◆ YOUR INSTRUCTIONS
Repeat every line from the line containing "监控实拍:卧槽!小车突然变线 致巨无霸大卡失控翻滚..." to the end of the data, exactly. Leave the pictures out.
---------- ENTRIES PROVIDED ----------
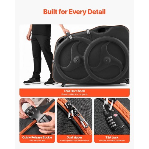 Ta potovalna torba za kolo je zasnovana za kolesarje ki potrebujejo varno in priročno prevažanje svojih cestnih koles velikosti 700C. Z ohišjem iz trdega EVA materiala in celovito zaščito zagotavlja da so vaše kolo in njegove sestavne dele zaščiteni pred udarci in poškodbami med potovanjem. S kolesi za enostavno premikanje oblazinjenim ročajem in TSA odobreno ključavnico ta torba omogoča brezskrbno premikanje po letališčih in postajah ter zagotavlja miren potek vsake poti.
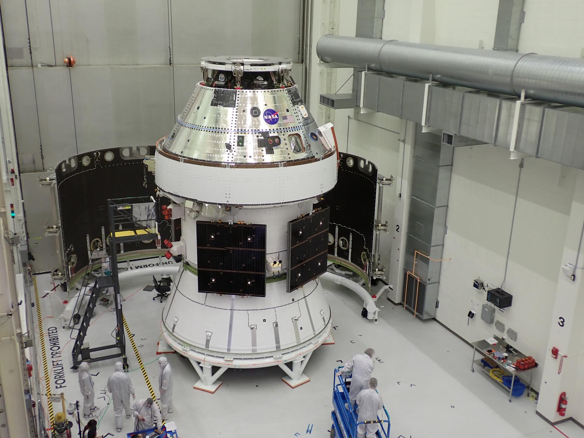 Technicians with Lockheed Martin prepare the Artemis II Orion spacecraft for the installation of three spacecraft adapter jettison fairings inside the Neil A. Armstrong Operations and Checkout Building at NASA’s Kennedy Space Center in Florida in on Tuesday, March 11, 2025. The fairings encapsulate the service module and protect the solar array wings, shielding them from the heat, wind, and acoustics of launch and ascent, plus help redistribute the load between Orion and the massive thrust of the SLS (Space Launch System) rocket during liftoff and ascent. Once the spacecraft is above the atmosphere, the three fairing panels will separate from the service module reducing the mass of the spacecraft.
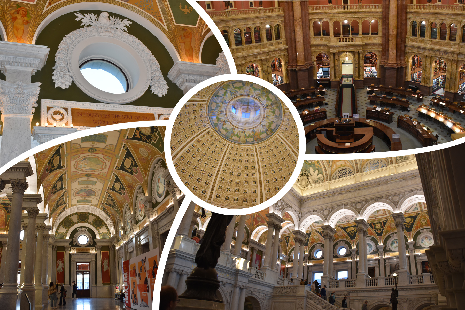 Äußerst beeindruckend ist auch die Library of Congress mit ihren über 800 Meilen (ca. 1300 km) Bücherregalen. Allein die schiere Anzahl lässt das Herz eines jeden Bücherwurms höher schlagen und die Einrichtung tut noch ihr Übriges: Im Vorraum bemalte Decken und Wände zwischen marmornen Säulen und prachtvollen Skulpturen und in der Bibliothek selbst hölzerne Pulte, verzierte Wände und eine kunstvoll bemalte Kuppel. Eine Führung gibt es hier nicht und man kann auch nur von oben in die Bibliothek hineinschauen, aber es lohnt sich trotzdem, diese 10-15 Minuten zu investieren.
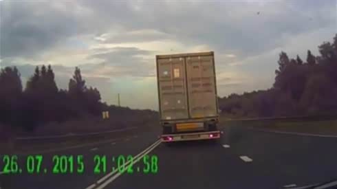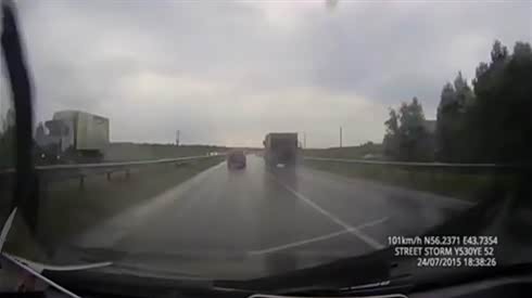监控实拍:卧槽!小车突然变线 致巨无霸大卡失控翻滚...
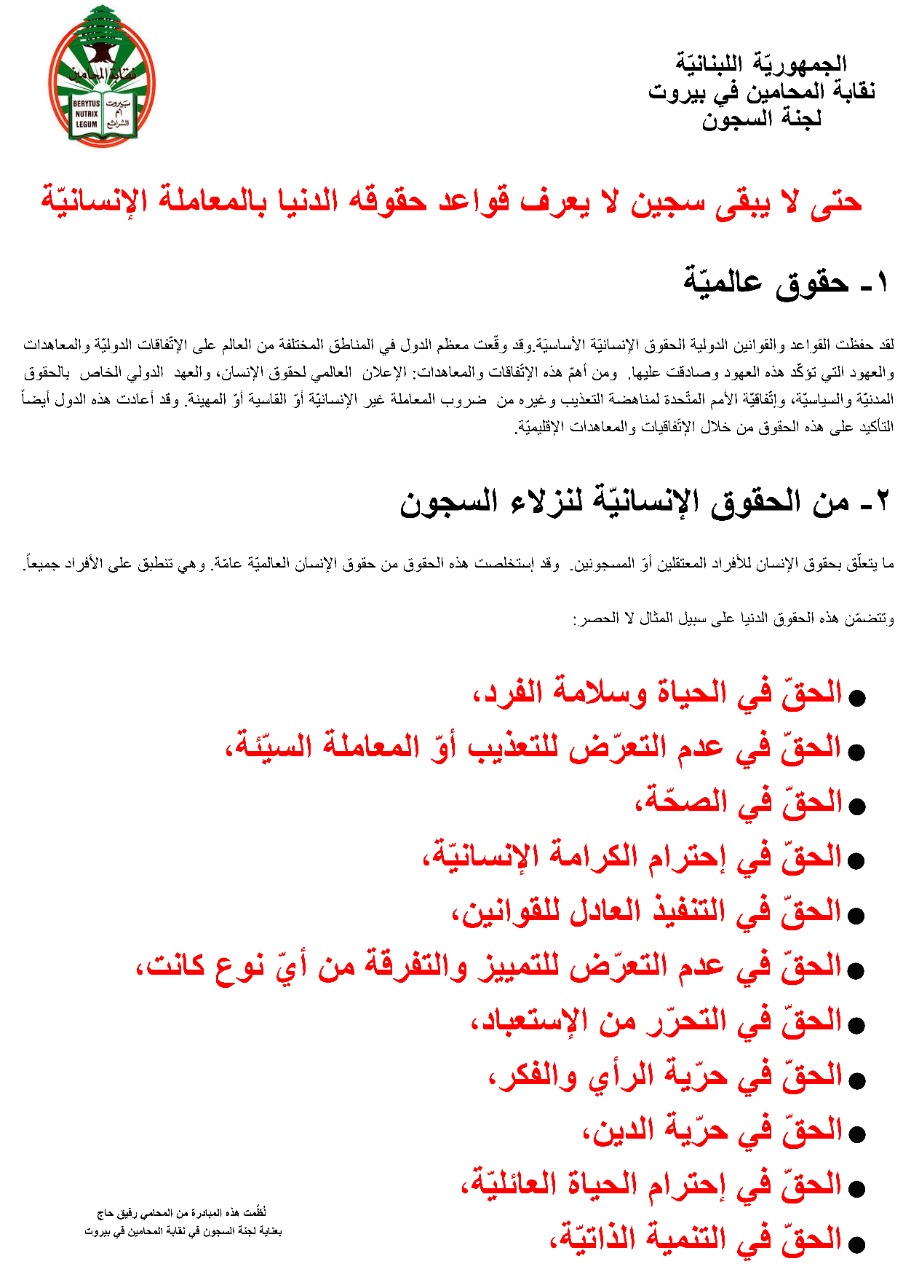 المحامي رفيق حاج ينسحب من لجنة حقوق الانسان- السجين
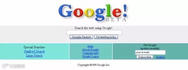 Google1998年的页面,标识后面也有个惊叹号,可能在模仿Yahoo!
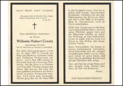 Langj. Mitgl. St. Sebastianus-Schützenbruderschaft; Eltern: Andreas Creutz u. Katharina geb. Fischermann, † 30.3.1944; ∞ 5.5.1902 Elisabeth Koll; 7 K., alle früh †; |
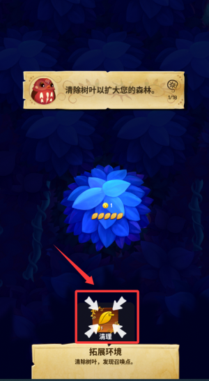 2、點(diǎn)擊清理按鈕清除樹葉,完成1/19任務(wù)進(jìn)度。
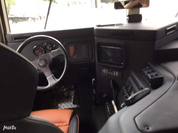 Humvee C的钢板用了800多颗铆钉铆接在一起,结实程度简直堪比装甲车,车内的整体结构还是军车的样子,不过在材质和细节方面做出了一些改动,Humvee C更换了订制的赛车座椅,舒适性和包裹性都不错,原先给机枪手站立的位置,如今被改成了储物架,不过这个储物架貌似有点太大。了。
----------
◆ EXERCISE SOLUTION
监控实拍:卧槽!小车突然变线 致巨无霸大卡失控翻滚...
 المحامي رفيق حاج ينسحب من لجنة حقوق الانسان- السجين
 Google1998年的页面,标识后面也有个惊叹号,可能在模仿Yahoo!
 Langj. Mitgl. St. Sebastianus-Schützenbruderschaft; Eltern: Andreas Creutz u. Katharina geb. Fischermann, † 30.3.1944; ∞ 5.5.1902 Elisabeth Koll; 7 K., alle früh †; |
 2、點(diǎn)擊清理按鈕清除樹葉,完成1/19任務(wù)進(jìn)度。
 Humvee C的钢板用了800多颗铆钉铆接在一起,结实程度简直堪比装甲车,车内的整体结构还是军车的样子,不过在材质和细节方面做出了一些改动,Humvee C更换了订制的赛车座椅,舒适性和包裹性都不错,原先给机枪手站立的位置,如今被改成了储物架,不过这个储物架貌似有点太大。了。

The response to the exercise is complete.